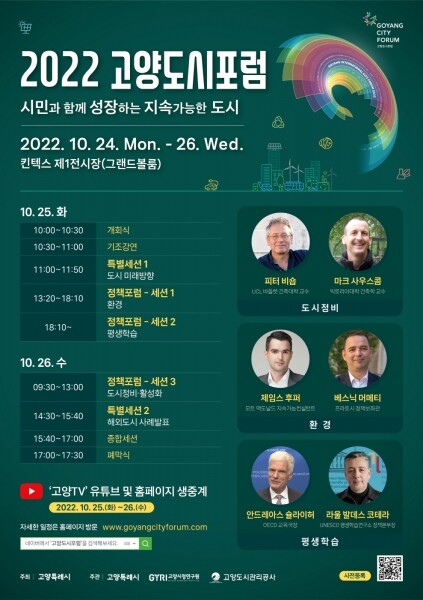 2022고양도시포럼에 참석하는 연사들은 UCL Battlet school 건축학 교수 피터 비숍 뉴질랜드 빅토리아 대학 건축학 교수 마크 사우스콤 OECD교육국장 안드레아스 슐라이허 지구환경과학 박사이자 방송인 제임스 후퍼 등이다.
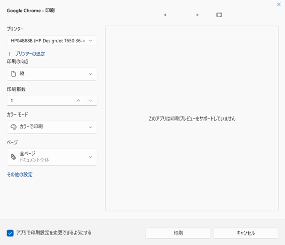 - 「印刷」をクリックします。
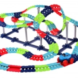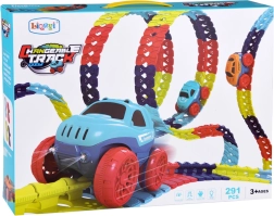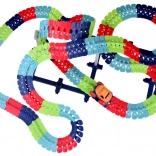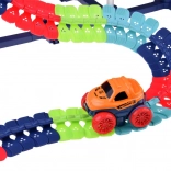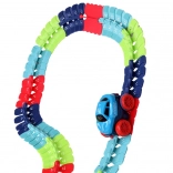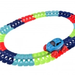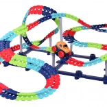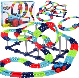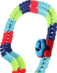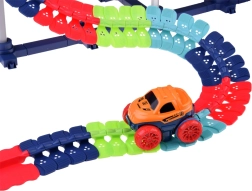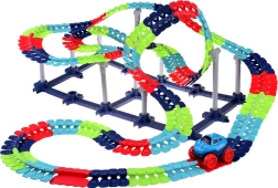 Táto farebná autodráha podporuje fantáziu, jemnú motoriku a trpezlivosť. Vďaka ohybným spojom môžete trať ľubovoľne tvarovať, ohýbať a meniť – od krátkych šprintov až po veľkolepé parky plné zábavy. Autíčko s LED svetlami sa po zapnutí samo rozbehne a zvláda aj prudšie zákruty.
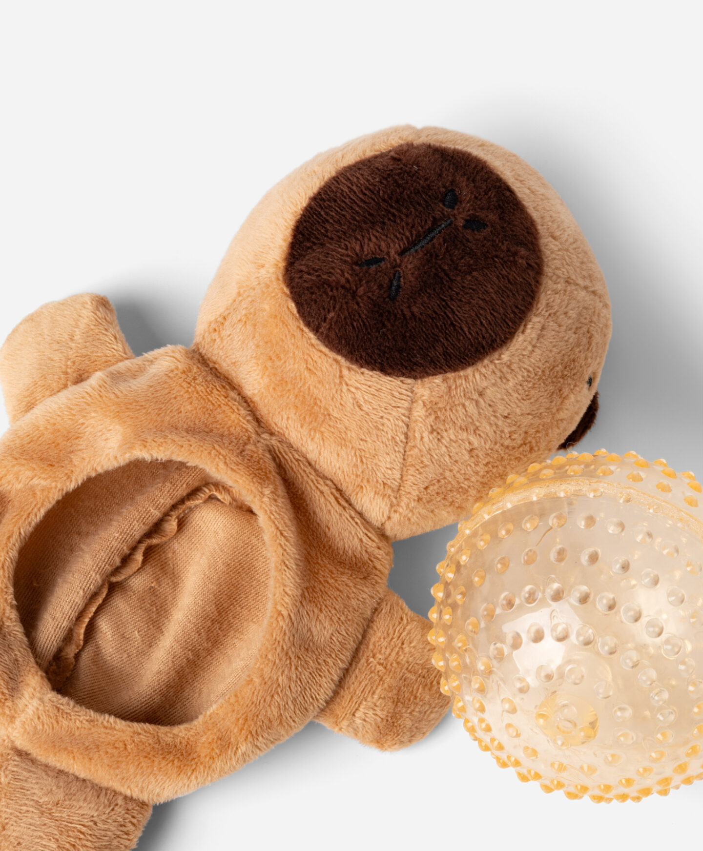 Juguete de peluche marrón para perro con pelota, ideal para quienes disfrutan de juguetes suaves e interactivos. Fabricado con material blando y resistente para un juego seguro. La pelota añade diversión extra y estimula la actividad.
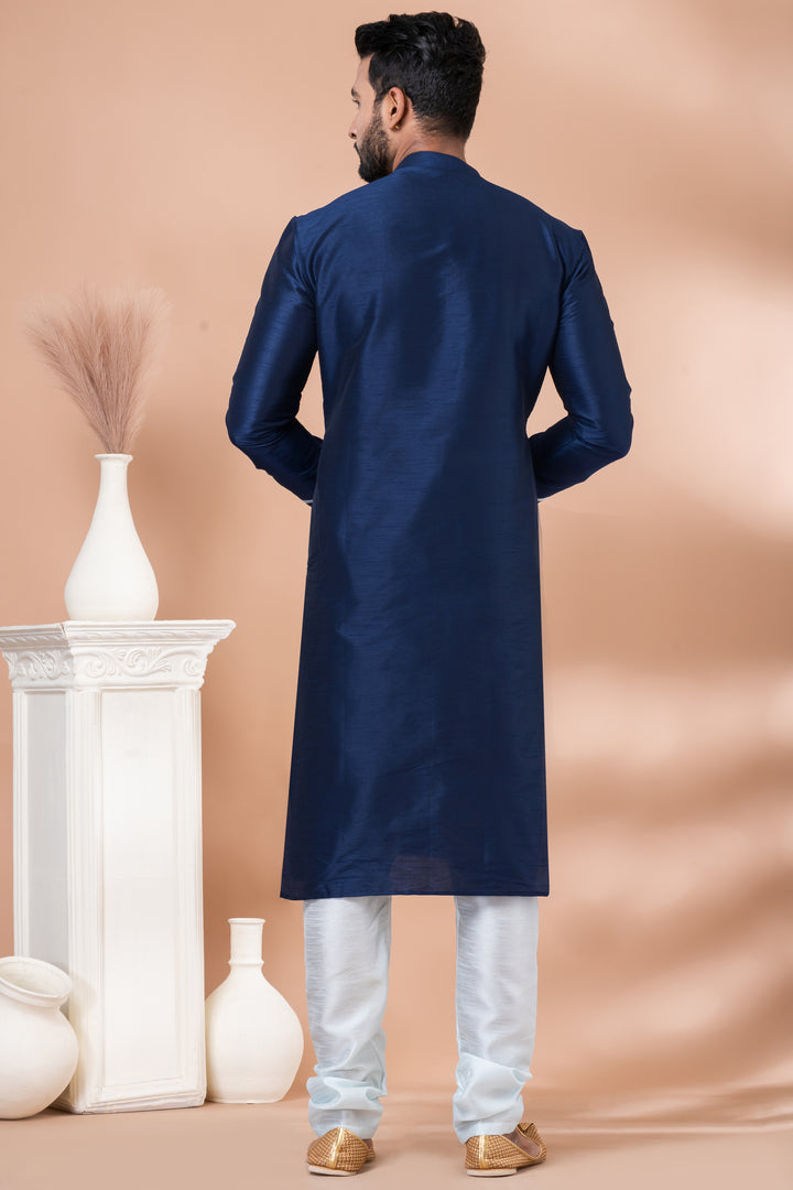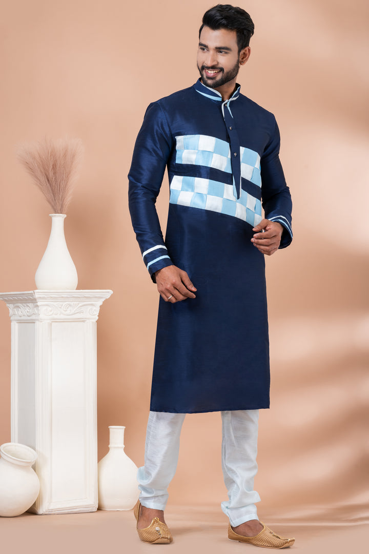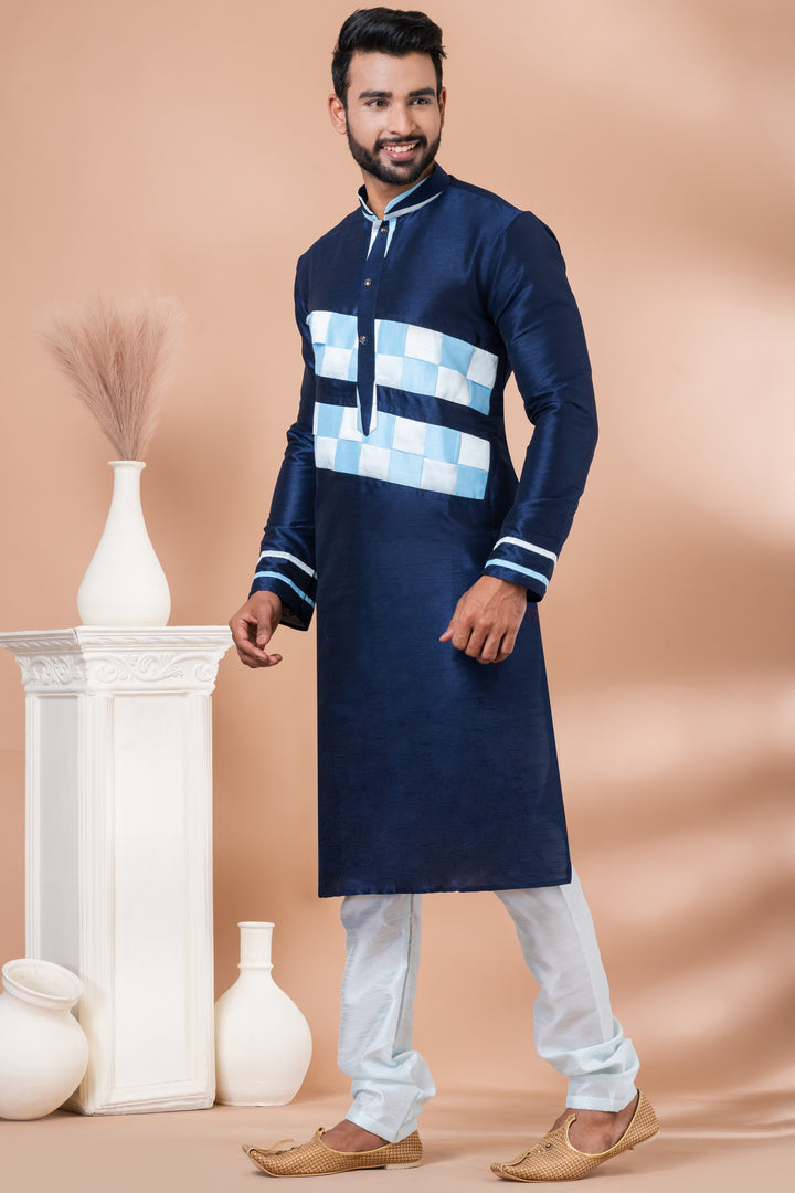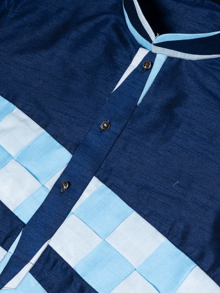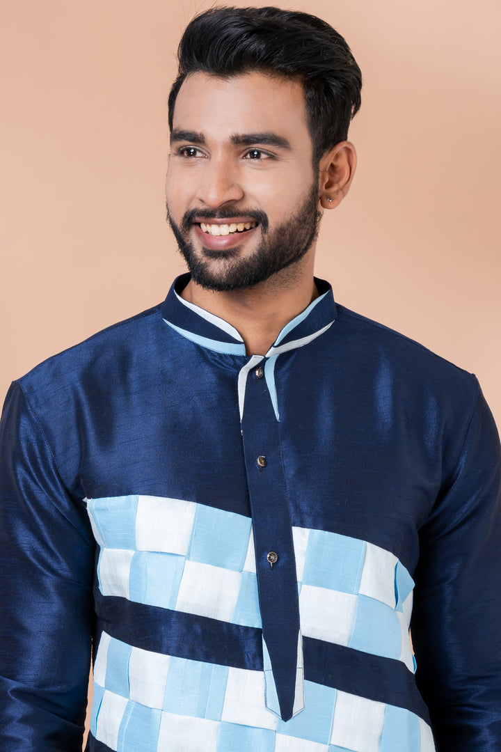 Angasudha Midnight Blue Dupion Silk Kurta with Sky Blue Checkered Panel & Light Pyjama
---
◆ Prompt ◆
Would you restate, word for word and with no pictures, only the lines from the opening of the material through the line with "Táto farebná autodráha", both included?

◆ Written answer ◆
 2022고양도시포럼에 참석하는 연사들은 UCL Battlet school 건축학 교수 피터 비숍 뉴질랜드 빅토리아 대학 건축학 교수 마크 사우스콤 OECD교육국장 안드레아스 슐라이허 지구환경과학 박사이자 방송인 제임스 후퍼 등이다.
 - 「印刷」をクリックします。
 Táto farebná autodráha podporuje fantáziu, jemnú motoriku a trpezlivosť. Vďaka ohybným spojom môžete trať ľubovoľne tvarovať, ohýbať a meniť – od krátkych šprintov až po veľkolepé parky plné zábavy. Autíčko s LED svetlami sa po zapnutí samo rozbehne a zvláda aj prudšie zákruty.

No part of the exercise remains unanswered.